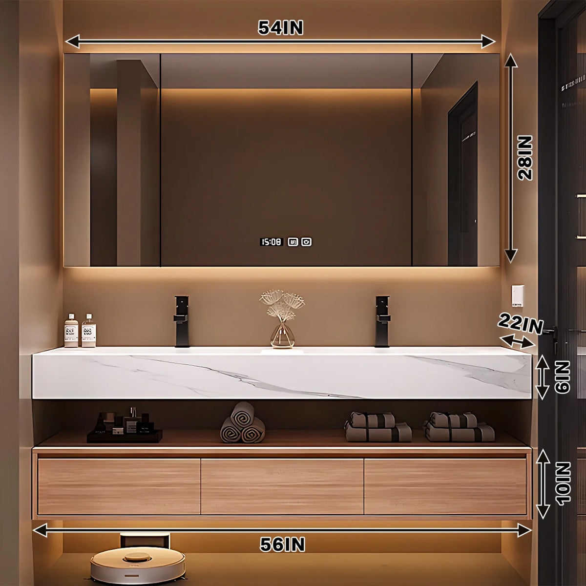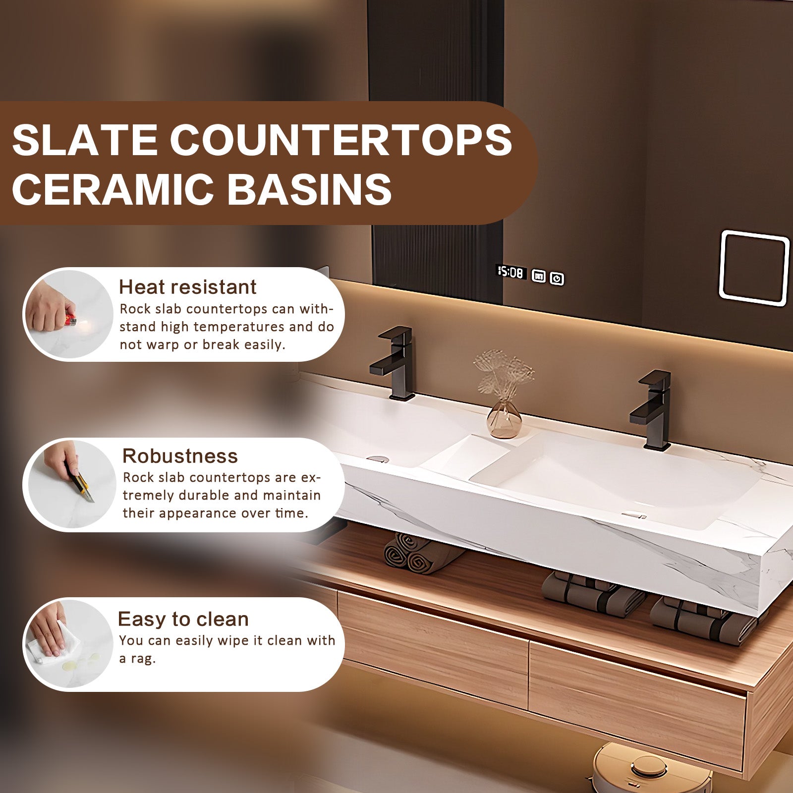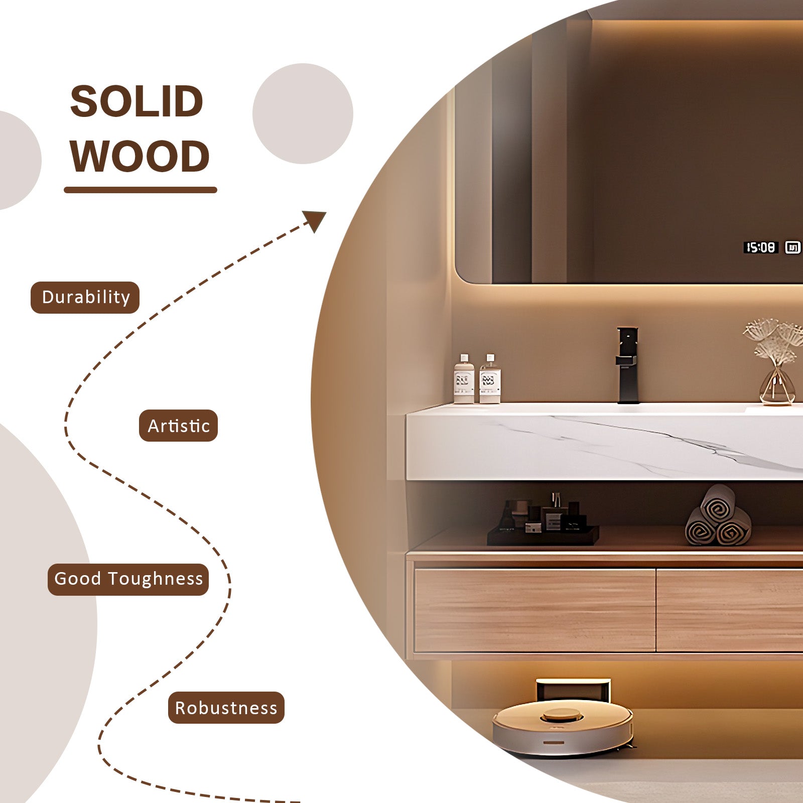 Large Storage Space: Unleash the full potential of your vanity set with ample storage options. Spacious drawers and open compartments provide versatile organization for cosmetics, toiletries, and essentials, keeping your bathroom clutter-free and effortlessly chic. Rediscover the joy of an orderly space as you indulge in the luxury of our Solid Wood Double Sink Bathroom Vanity Set with Smart Backlit Mirror.
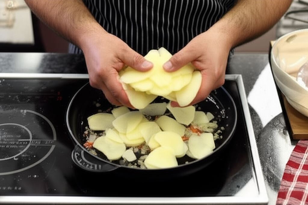 Na rozgrzanej oliwie na patelni zrumień posiekane szalotki, czosnek i chilli. Połowę podsmażonych składników odłóż na talerz, do pozostałej części wsyp ziemniaki. Smaż, nieustannie mieszając, aż skrobia na powierzchni ziemniaków stanie się lśniąca.
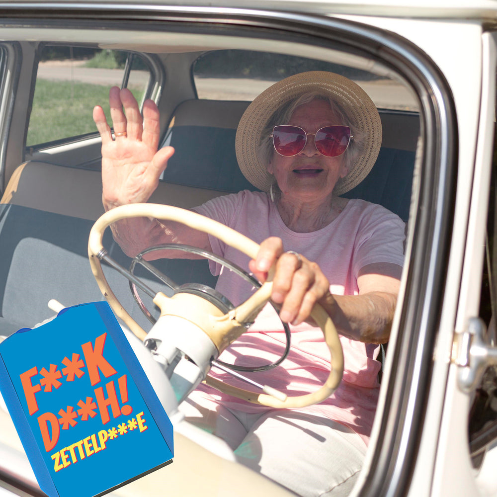 Parkscheibe mit Spruch: F**k D**h! Zettelp***e mit 2 Einkaufswagenchips ist auf Lager und wird versandt, sobald es wieder verfügbar ist

Prompt :: Would you copy out the data exactly, leaving every picture out?

The completed task ::
 Large Storage Space: Unleash the full potential of your vanity set with ample storage options. Spacious drawers and open compartments provide versatile organization for cosmetics, toiletries, and essentials, keeping your bathroom clutter-free and effortlessly chic. Rediscover the joy of an orderly space as you indulge in the luxury of our Solid Wood Double Sink Bathroom Vanity Set with Smart Backlit Mirror.
 Na rozgrzanej oliwie na patelni zrumień posiekane szalotki, czosnek i chilli. Połowę podsmażonych składników odłóż na talerz, do pozostałej części wsyp ziemniaki. Smaż, nieustannie mieszając, aż skrobia na powierzchni ziemniaków stanie się lśniąca.
 Parkscheibe mit Spruch: F**k D**h! Zettelp***e mit 2 Einkaufswagenchips ist auf Lager und wird versandt, sobald es wieder verfügbar ist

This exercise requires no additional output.